Crowdsourced testing is an emerging trend in software testing which exploits the benefits, effectiveness, and efficiency of crowdsourcing and the cloud platform. It differs from traditional testing methods in that the testing is carried out by a number of different testers from different places, and not by hired consultants and professionals. The software is put to test under diverse realistic platforms which makes it more reliable, cost-effective, and can be fast. In addition, crowdsource testing can allow for remote usability testing because specific target groups can be recruited through the crowd.

This method of testing is considered when the software is more user-centric: i.e., software whose success is determined by its user feedback and which has a diverse user space. It is frequently implemented with gaming, mobile applications, when experts who may be difficult to find in one place are required for specific testing, or when the company lacks the resources or time to carry out the testing internally.

Crowdsourced testing vs. Outsourced testing 
Crowdsourced testing may be considered to be a sub-type of software testing outsourcing.
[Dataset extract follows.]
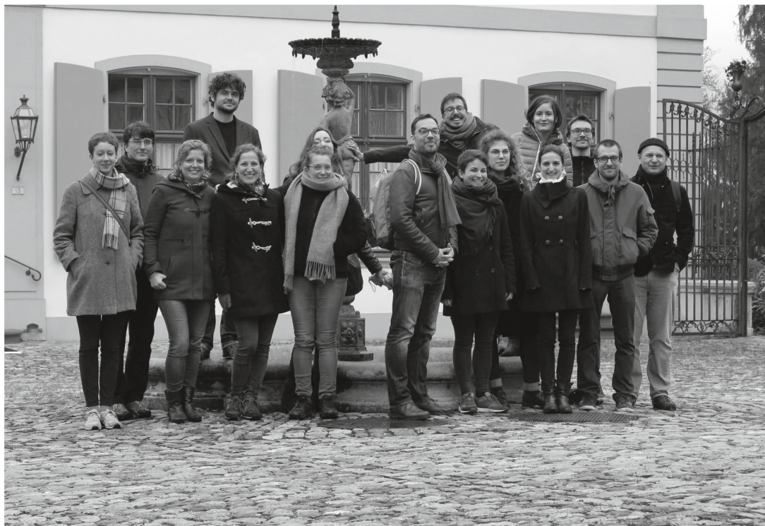
2 Voyage d'études dans le canton de Bâle, 2016, devant le château d'Ebenrain à Sissach ( Architecture & Patrimoine, UNIL ).

While for some projects it may be possible to get away with only using one approach or the other, a more thorough approach would use a more diverse software testing method,  which uses both a dedicated testing team in addition to the crowd. Crowdsource testing is best for things like beta and compatibility testing, which are necessary final steps for testing; however, most software is far too complex for late-stage testing like this to cover all of the possible issues. A dedicated outsourced or in-house testing team will give a better idea of the software's possible defects, but will not give anywhere near the scope of crowdtesting. Therefore, a good solution is to integrate multiple test teams into any development project (and also to develop with the principles of testability in mind from the very beginning.)

Crowdsourcing alone may not give the best feedback on applications. A diverse testing approach that pools both crowdsource testing and a dedicated testing team may be favorable. "Having this diversity of staffing allows you to scale your resources up and down in a fluid manner, meeting tight deadlines during peak periods of development and testing, while controlling costs during slow periods."